I moved, acted, and reacted as if I were a horse with blinders, staring straight ahead at my next immediate objective, unable to heed my mind's various cries, denying the sense memory of what it was like to have that dark magic breathing down my neck and prickling upon my skin. Though those discomfiting sensations threatened to overtake me one by one, I beat them back with sheer will. I drove myself like a draft horse pulling weight, moving onward toward a specific task.

It was the second or the third day in—the days began to blur immediately—that I allowed myself to truly pause for breath, staring out over the vast and unfathomable Atlantic Ocean under a brilliantly moonlit sky that I hadn't seen quite so unhindered in some time, due to Manhattan's constant gaslight. I permitted a moment to take stock of myself and my state. My anxiety kept pace at a dull thrum to match the steam engines decks below my boots. I had hoped against hope the steamer would make a bit better headway and arrive to port a bit ahead of schedule.

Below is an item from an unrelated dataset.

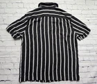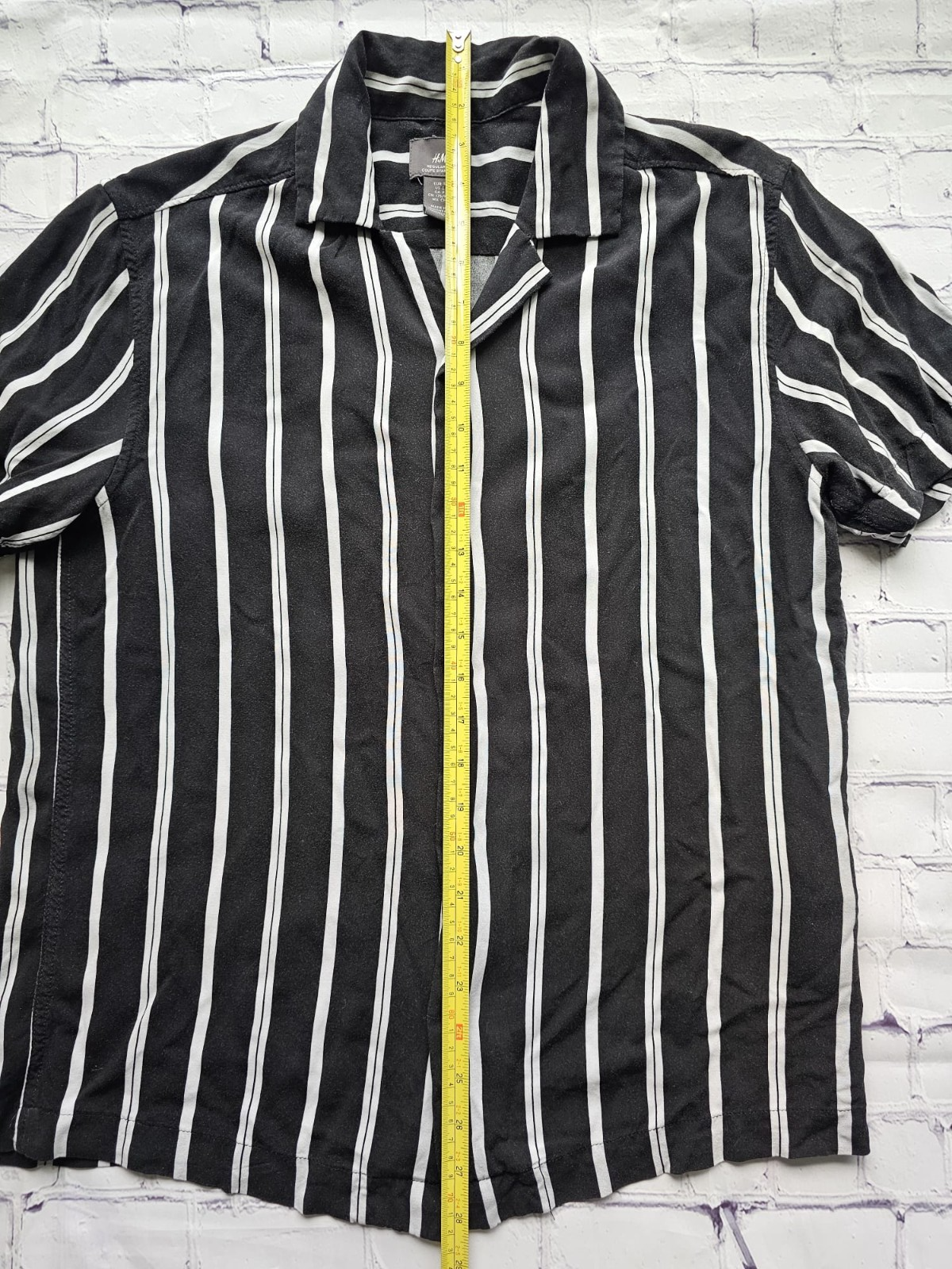 Description Pre-owned H&M short sleeve button-up shirt. Features a black base with vertical white stripes and a comfortable regular fit. Made of lightweight viscose fabric for a soft and breathable feel. Brand: H&M Size: Small (EUR S / US S / CA P / CN 175/92A / MX CH) Fit: Regular Fit Color: Black with white stripes Material: 100% Viscose Condition: Pre-owned. Note: Flaw on the back right sleeve seam (see photo). Otherwise in good wearable condition. Perfect casual shirt for summer or layering, still stylish despite the minor flaw.

This large, impressive boat made me nervous. While the view above me and around me remained spectacular in theory, the truth of it was terrifying. I had never been this far out on the ocean, and I didn't realize how much it would unsettle me until it was far too late to turn back. The steamboat was indeed a wonder, but its behemoth engines were also like strange monsters of this modern world that seemed at any moment able to turn into dragons that could eat us all alive. My father was right. My imagination was far too fertile.

Every now and then I felt tears itching at the very back of my eyes like small pixies, emotional imps demanding I pay attention to all the things I refuse to face. All the potential realities. All the potential finalities. But I bit everything back. Perhaps the rolling crest of seasick nausea was its own blessing, for it was quite a distraction.

In the pocket of my modest linen pinafore, I palmed my notebook in a trembling hand. That simple action allowed for my tensed shoulders to fall just a fraction. Each of my notebooks through the years always proved such a comfort as they were the infallible way I communicated with the world. On a page, I could converse and present arguments with my inner self that needed to externalize its thoughts. The written word had proved in my life to be far more reliable than speech ever was. I'd had far more years writing and communicating in Standard Sign than I'd had actually speaking. The written word held a power that the ephemeral spoken word did not, and I valued the written word like I would a vow.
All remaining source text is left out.